OGC Web Coverage Service: allows users to access online geospatial data in multiple raster-based data formats (e.g. GeoTiffs, .img, ENVI (.hdr) file types).
GML Web Feature Service: allows users to access online geospatial data at the feature level using formats such as Shapefile, GML, etc.
Abbreviations and Acronyms
CSV – comma separated values
ENVI - ENvironment for Visualizing Images
GML - Geography Markup Language
HTTPS – Hypertext Transfer Protocol Secure
JSON - JavaScript Object Notation
NARA RFC - National Archives and Records Administration Request For Comments
NetCDF - Network Common Data Form
OGC - Open Geospatial Consortium
TIFF - Tag Image File Format
Documenting data standards in metadata
Parameter-level and dataset-level data standards should be documented in the accompanying data dictionary and metadata record. For example, if following the Content Standard for Digital Geospatial Metadata (CSDGM), the dataset-level data standards can be documented in the Entity and Attribute Overview Description section of the metadata and the parameter-level data standards can be documented in the Entity and Attribute Detailed Description for each attribute described in the metadata record.
In any given Federal agency, there can be multiple groups of experts that produce standards and authorities that approve them, often based on the science topic.

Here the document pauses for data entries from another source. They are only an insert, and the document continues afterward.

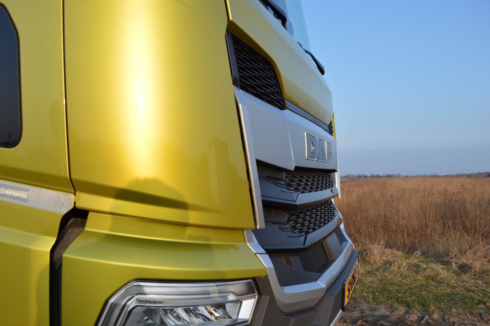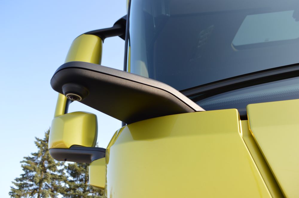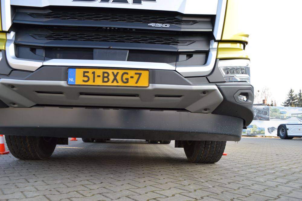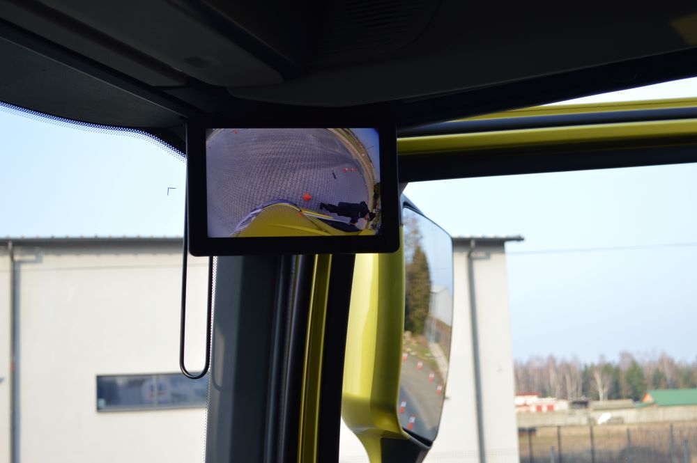 Ponieważ jednak kabina jest osadzona stosunkowo nisko na ramie, (o 17 cm do XF-a) której przednia część jest zresztą dostosowana do nowych kabin, nie udałoby się dostrzec wszystkiego co dzieje się wokół nas. Dlatego jest DAF Corner View, kamera na prawym narożniku, dająca obraz na wyświetlacz zamocowany dość wysoko na słupku A. Niemal każdy zastanawia się dlaczego ten FAT ma klasyczne, dość spore lusterka wsteczne, a obok nich kamerę szerokokątną. Lusterka są klasyczne bo takie wolą kierowcy, a ponadto prościej i taniej jest wymienić je w razie stłuczki. Natomiast kamerv, narożna i w przypadku cofania kamera tylna, która wyświetla obraz na ekranie na środku kokpitu, w sumie dają doskonałą widoczność.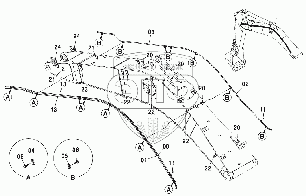 Каталог запасных частей к технике: Hitachi ZX-450. ASSIST PIPING (BE BOOM)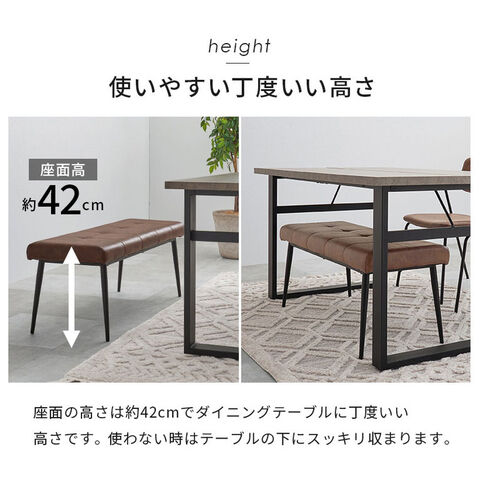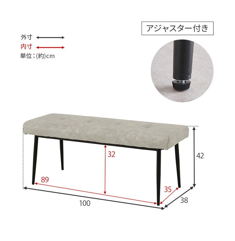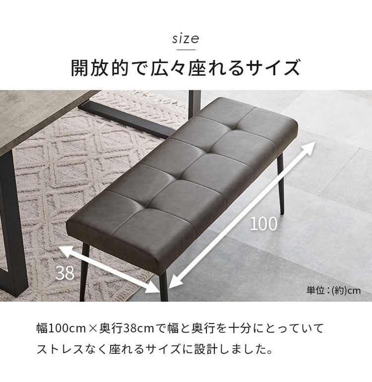 ダイニングベンチ 幅100×奥行き38cm 高さ42cm ヴィンテージ調 ベンチ 椅子 イス チェア スチール脚 レザー調 シンプル 北欧 おしゃれ【送料無料】のレビュー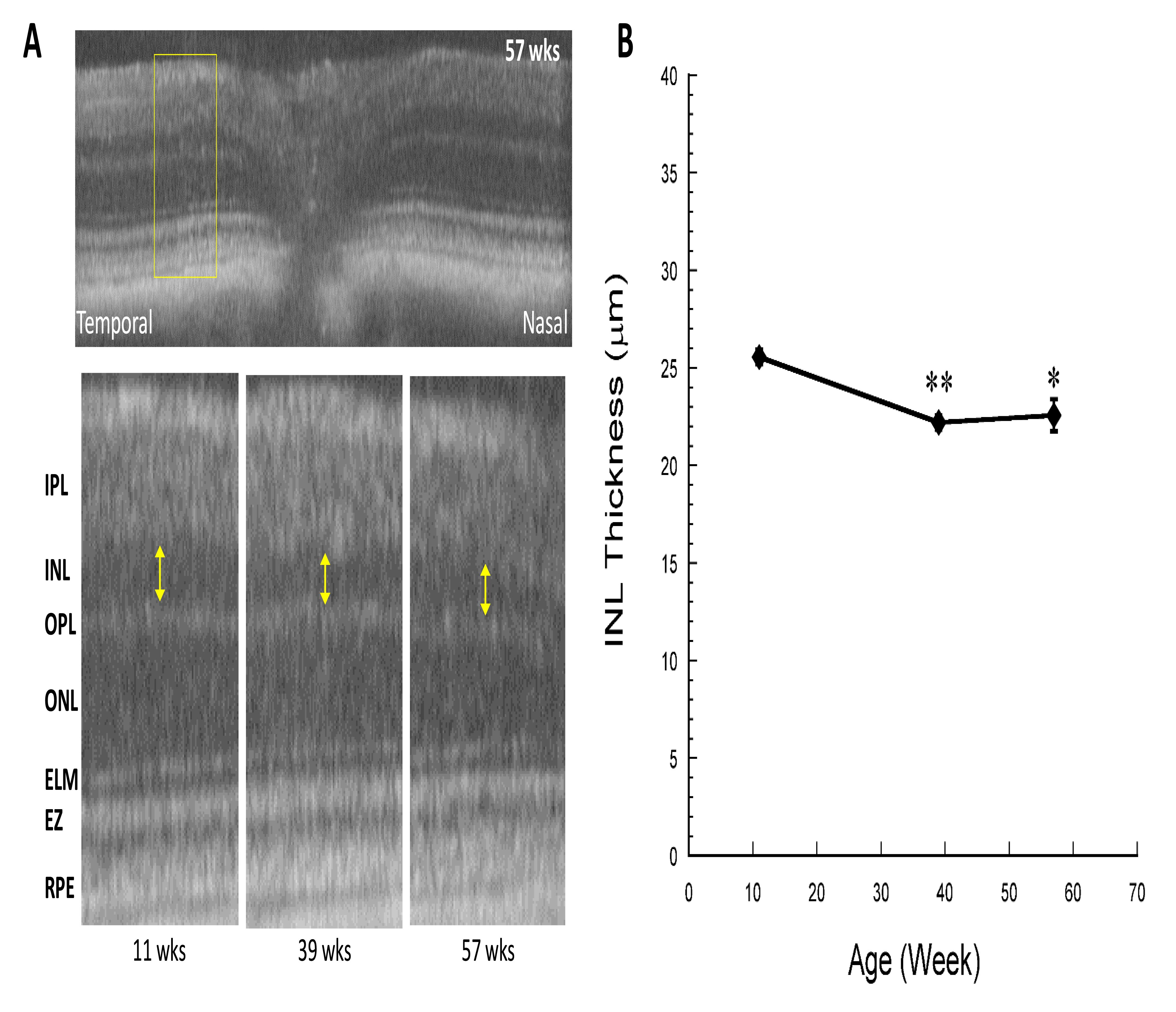 layer; ONL, outer nuclear layer; OPL, outer plexiform layer; RPE, retinal pigment epithelium. B: Thickness of the INL at 11, 39, and 57 weeks of age. The INL was thicker at 11 weeks of age, compared to the older ages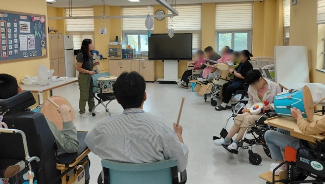 이번 프로그램은 매주 수요일 청주시 장애인 주간보호센터에서 총 8회기로 진행되며, 전문 강사의 지도 아래 다양한 타악기를 활용해 리듬을 익히고 장애인들도 함께 연주하며 즐길 수 있도록 프로그램을 구성했다.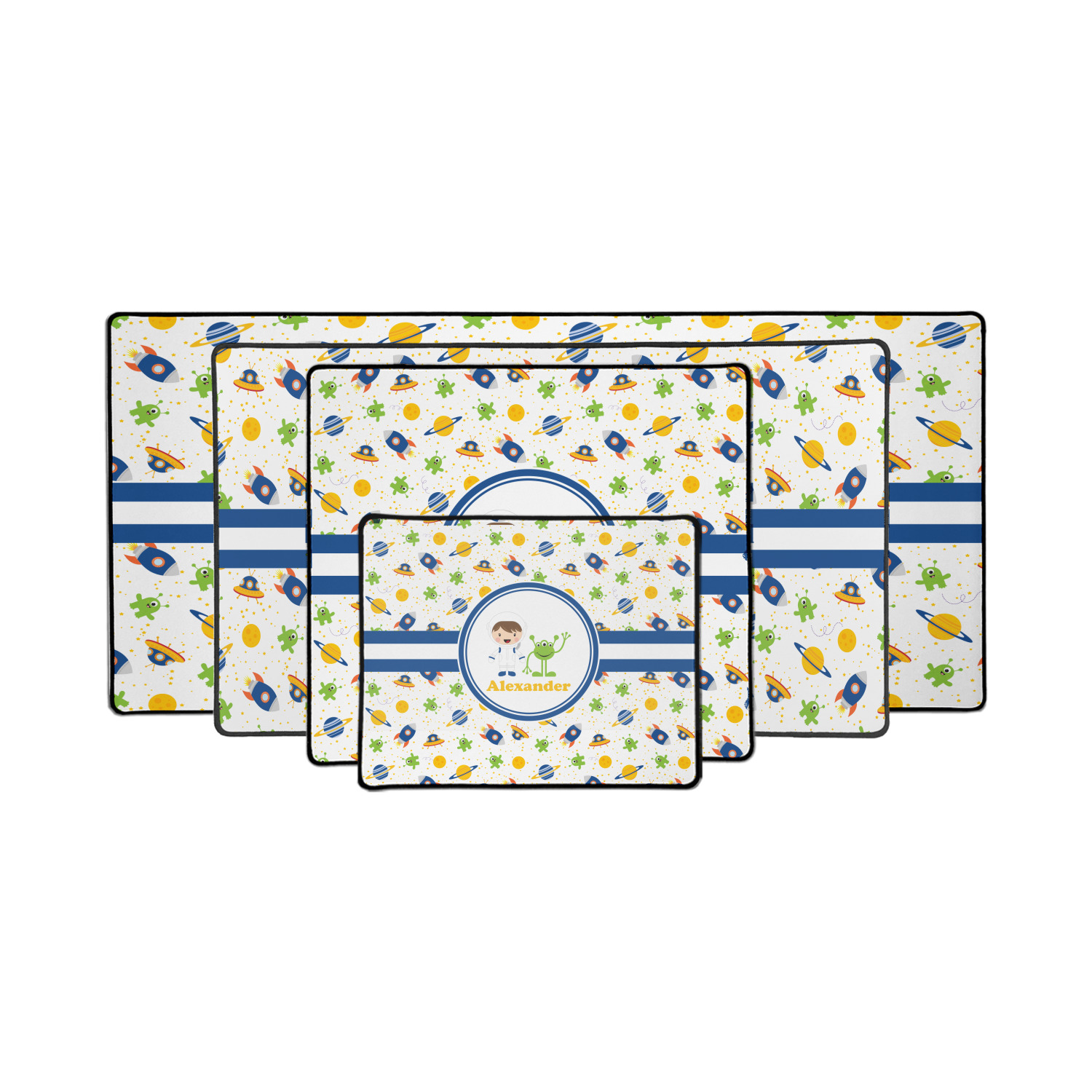 A blue and white band is placed in the middle of the design and used to showcase your little space traveler and his martian buddy. Add your own personalization for that special touch.

There is no single group that establishes or recommends standards for the USGS.
Standards often evolve out of communities of practice coming together and agreeing on common practices. Here is an example of an evolving best practice that hasn’t been formally ratified by a standards authority. Does your USGS project use community guidelines that you’d like us to link here? Contact GS_Data_Management@usgs.gov.
"The data collected and the techniques used by USGS scientists should conform to or reference national and international standards and protocols if they exist and when they are relevant and appropriate. For datasets of a given type, and if national or international metadata standards exist, the data are indexed with metadata that facilitate access and integration."
USGS Survey ManualChapter SM 502.6 - Fundamental Science Practices: Scientific Data Management Foundation specifies that a data management plan will include standards and intended actions as appropriate to the project for acquiring, processing, analyzing, preserving, publishing/sharing, describing, and managing the quality of, backing up, and securing the data holdings.